Exercise description:
Once you reach the line containing "도쿠시마 대 오이타 J리그2 06월21일 맞대결 생중계, 스포츠중계, 스포츠분석" in the data below, restate each line word for word up to and including the one containing "- Heinz détourne".

Given records:
>>>
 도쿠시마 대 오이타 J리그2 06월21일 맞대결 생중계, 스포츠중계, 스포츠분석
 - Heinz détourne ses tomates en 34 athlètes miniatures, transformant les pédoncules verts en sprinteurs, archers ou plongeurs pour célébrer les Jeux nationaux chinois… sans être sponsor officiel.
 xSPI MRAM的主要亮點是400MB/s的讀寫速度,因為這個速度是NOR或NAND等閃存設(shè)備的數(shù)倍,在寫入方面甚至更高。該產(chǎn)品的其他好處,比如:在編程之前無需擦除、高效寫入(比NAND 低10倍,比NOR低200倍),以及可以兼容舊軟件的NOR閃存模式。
<<<
>>>
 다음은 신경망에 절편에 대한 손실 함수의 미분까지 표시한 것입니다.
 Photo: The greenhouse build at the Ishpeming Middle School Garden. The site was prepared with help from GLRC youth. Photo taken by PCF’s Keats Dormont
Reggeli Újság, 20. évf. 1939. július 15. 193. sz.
<<<
>>>
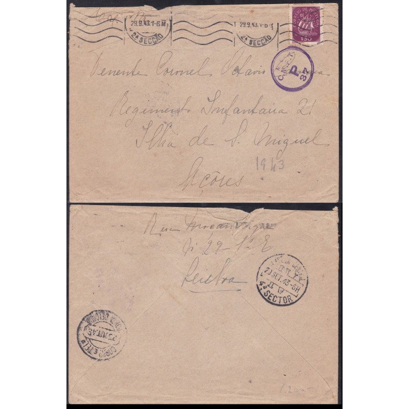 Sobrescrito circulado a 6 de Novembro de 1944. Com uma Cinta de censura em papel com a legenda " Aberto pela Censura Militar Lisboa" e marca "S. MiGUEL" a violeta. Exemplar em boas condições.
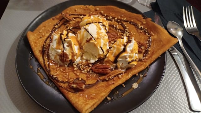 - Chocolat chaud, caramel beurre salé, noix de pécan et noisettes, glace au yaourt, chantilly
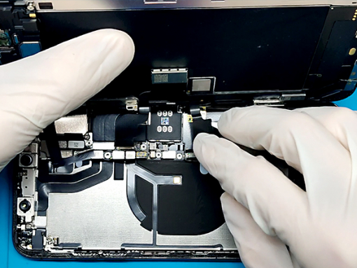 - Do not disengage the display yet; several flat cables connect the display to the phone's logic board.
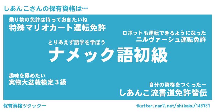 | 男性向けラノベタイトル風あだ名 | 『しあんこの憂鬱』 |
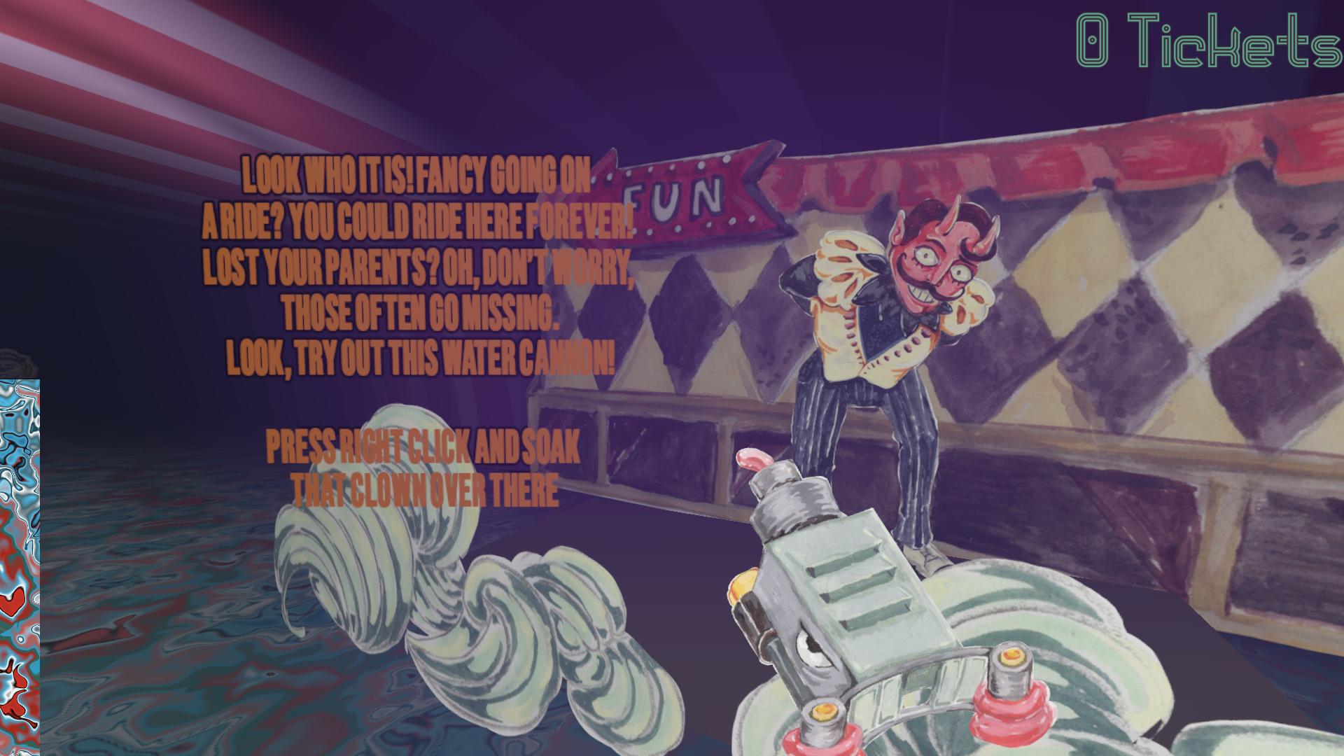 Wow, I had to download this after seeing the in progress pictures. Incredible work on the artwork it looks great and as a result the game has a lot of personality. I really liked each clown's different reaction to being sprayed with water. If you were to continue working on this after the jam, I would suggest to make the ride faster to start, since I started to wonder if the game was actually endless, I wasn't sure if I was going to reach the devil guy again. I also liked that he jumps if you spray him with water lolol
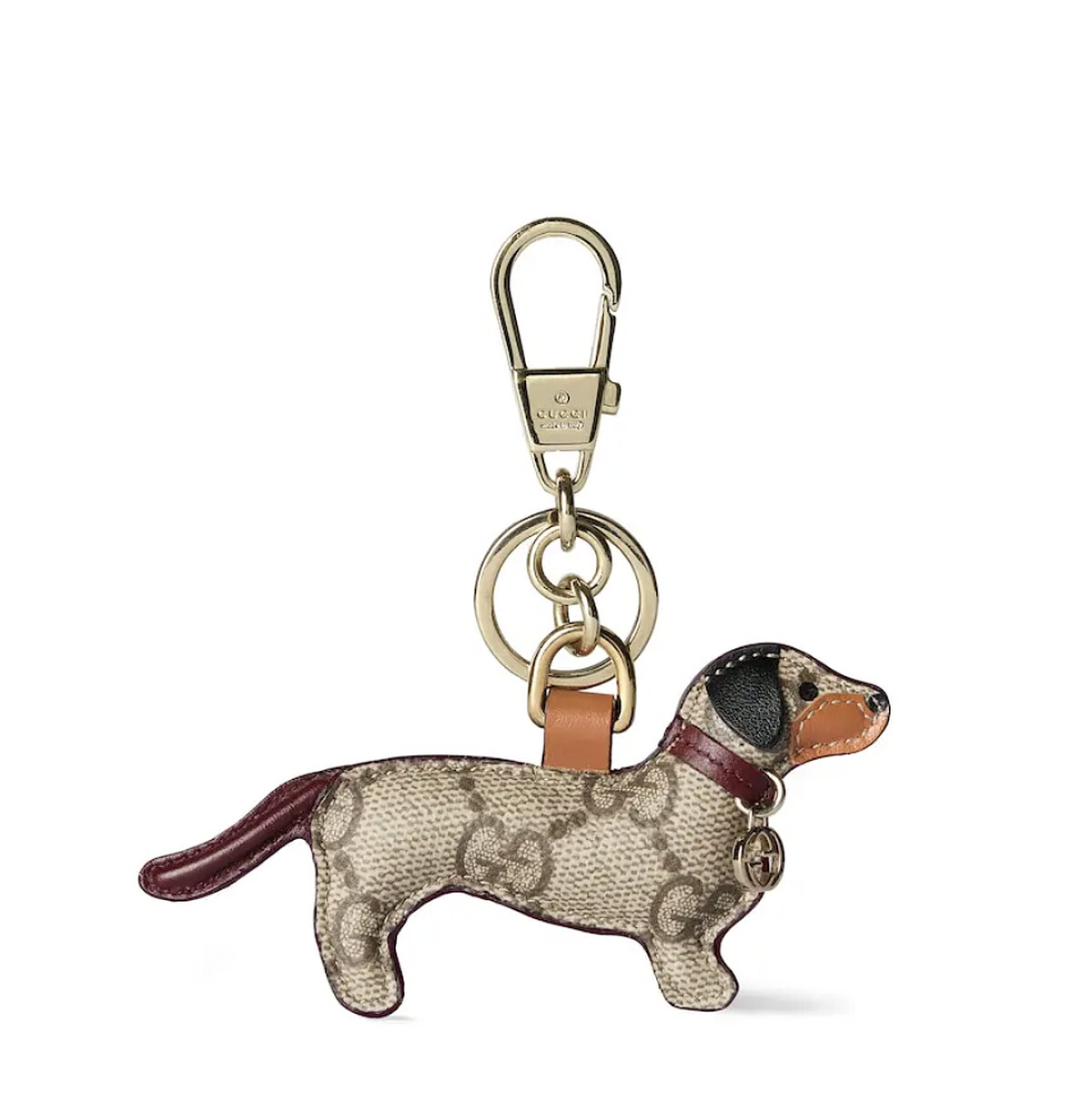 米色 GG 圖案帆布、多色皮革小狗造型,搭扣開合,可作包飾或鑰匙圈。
<<<
Response box:
 도쿠시마 대 오이타 J리그2 06월21일 맞대결 생중계, 스포츠중계, 스포츠분석
 - Heinz détourne ses tomates en 34 athlètes miniatures, transformant les pédoncules verts en sprinteurs, archers ou plongeurs pour célébrer les Jeux nationaux chinois… sans être sponsor officiel.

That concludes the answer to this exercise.